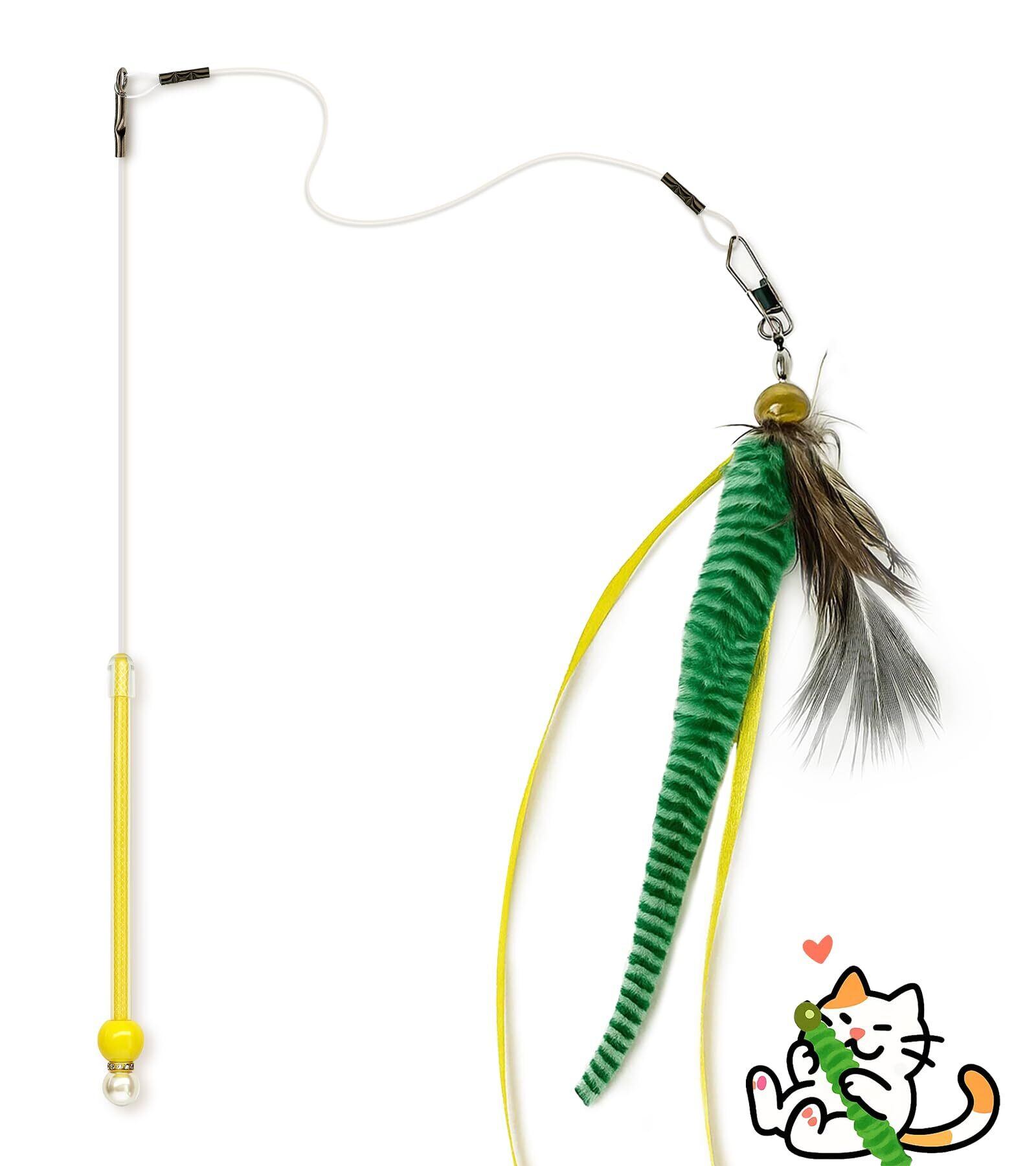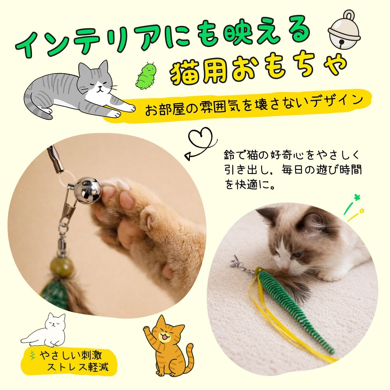 Serviteur 猫 おもちゃ 猫じゃらし 虫 羽 頑丈 釣り糸 ペット用品 鈴付き 猫 遊び道具 昆虫 噛むおもちゃ 歯のケア 金具付き釣り糸 交換用 プレゼント緑
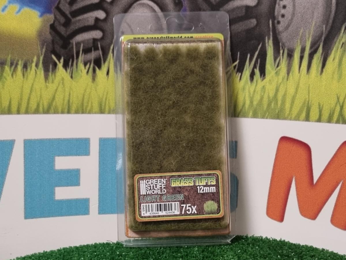 75 touffes herbes vert clair. Hauteur 12mm. Prêt à l'emploi en décollant simplement chaque touffe individuellement et en la plaçant dans votre scène.
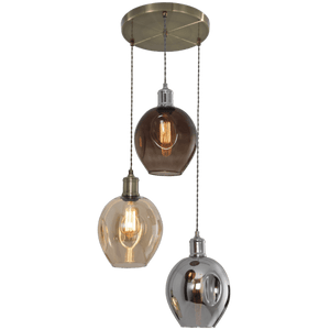 The Antique Brass Pendant 3 Light combines classic elegance with modern functionality. Perfect for adding a touch of sophistication to any room, this pendant light features an antique brass base adorned with color glass, making it a stunning centerpiece in your home.
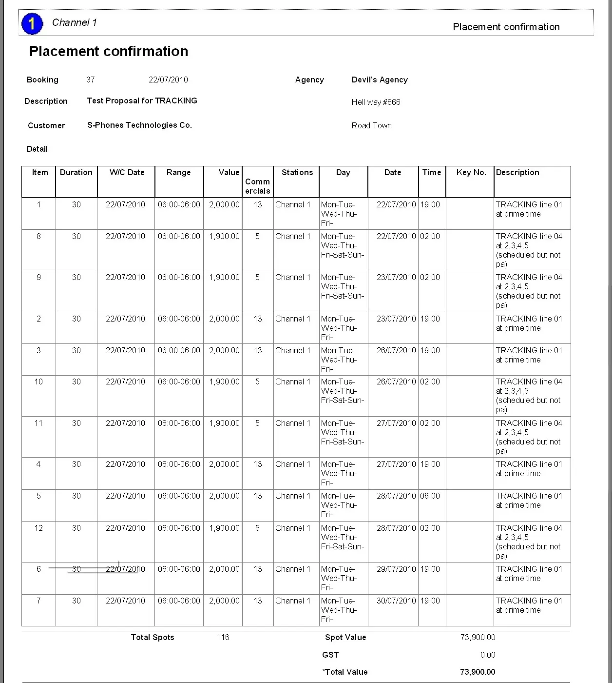 The Placement confirmation report allows the generation of a document containing all the scheduled events derived from a particular contract, in order to evaluate if their placement is correct and satisfactory.
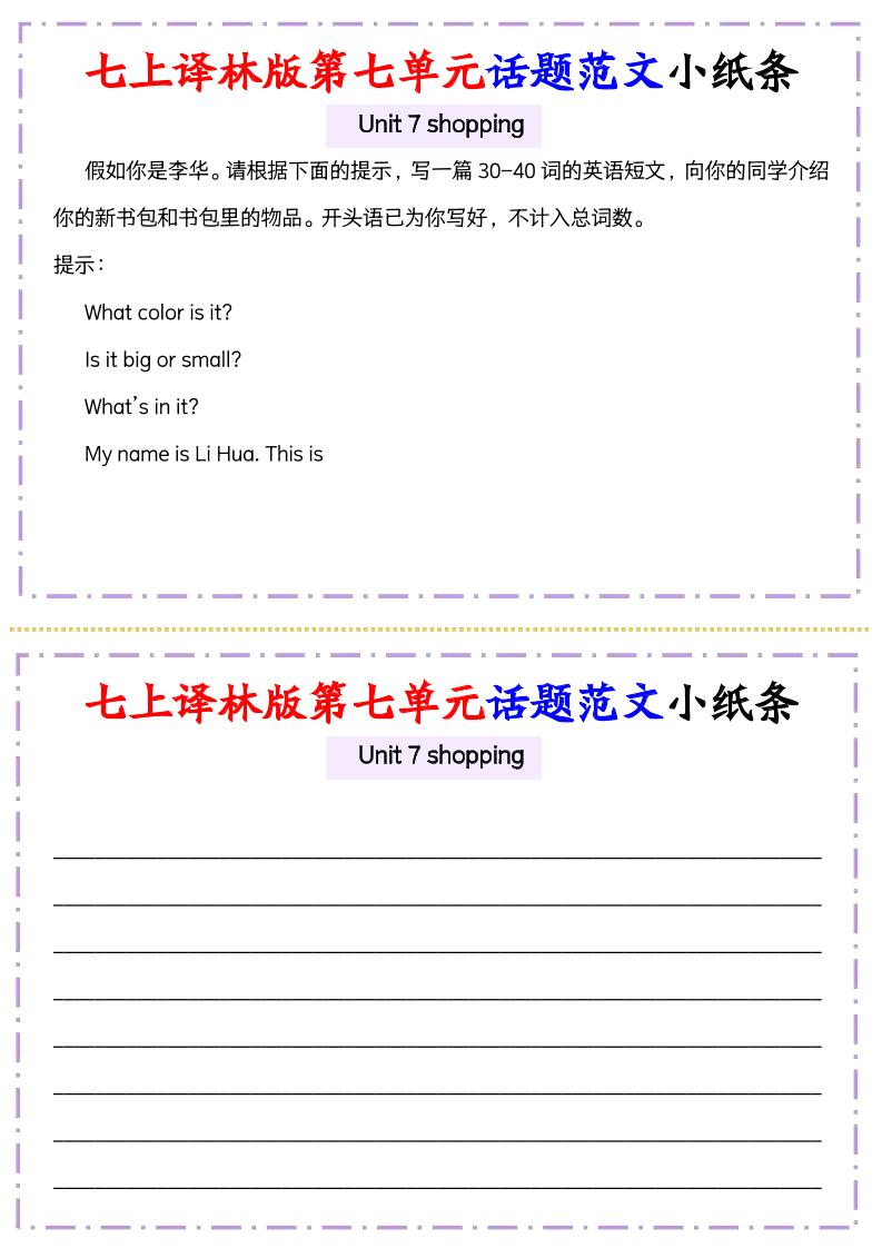七上英语译林版U7话题满分范文必背小纸条
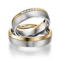 Set trouwringen van acredo in roodgoud 14 kt. grijsgoud 14 kt. Oppervlakte: gepolijst, gematteerd met in totaal 0,04 ct. Briljant tw/si (Product 1 met steenzetting Product 2 zonder steenzetting)
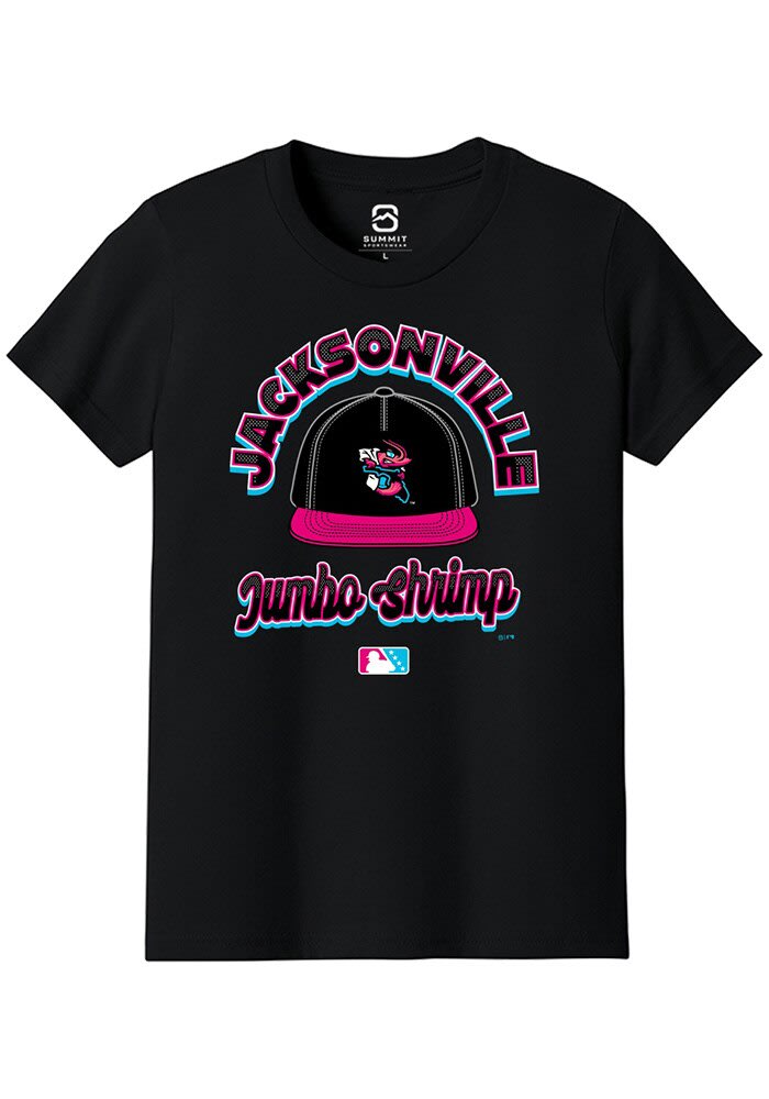 Jacksonville Jumbo Shrimp Youth Black Circle Cap Copa Youth Short Sleeve T-Shirt
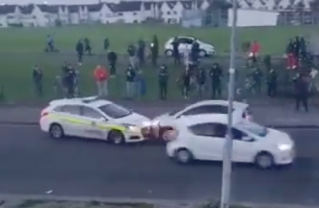The moment a car rams a garda vehicle in Cherry Orchard last night. Social Media Video
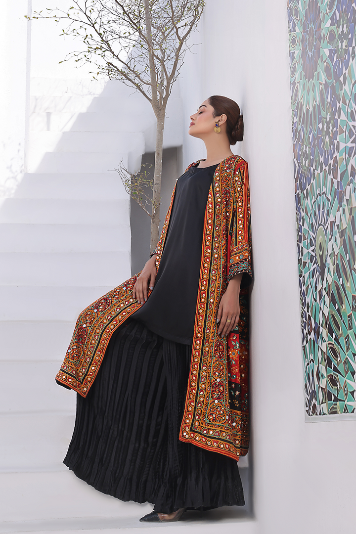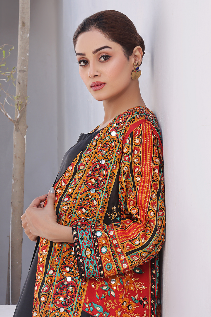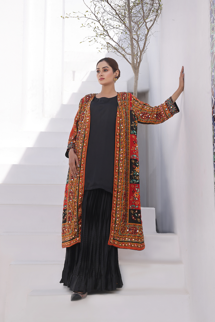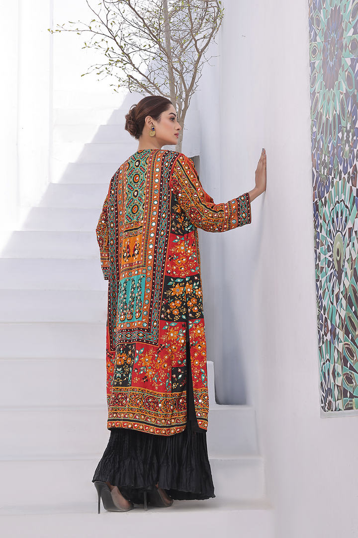 A medium silk printed long jacket adds a layer of sophistication, adorned with intricate mirror work that catches the light with every movement. The shamos finishing adds a traditional touch, enhancing the jacket's allure with its delicate detailing.

- - -

*ACTION ITEM:*
Say again, exactly, only those lines of the records that run from the start through the line with "75 touffes herbes". Pictures are to be skipped.

*RESPONSE FOR THIS EXERCISE:*
 Serviteur 猫 おもちゃ 猫じゃらし 虫 羽 頑丈 釣り糸 ペット用品 鈴付き 猫 遊び道具 昆虫 噛むおもちゃ 歯のケア 金具付き釣り糸 交換用 プレゼント緑
 75 touffes herbes vert clair. Hauteur 12mm. Prêt à l'emploi en décollant simplement chaque touffe individuellement et en la plaçant dans votre scène.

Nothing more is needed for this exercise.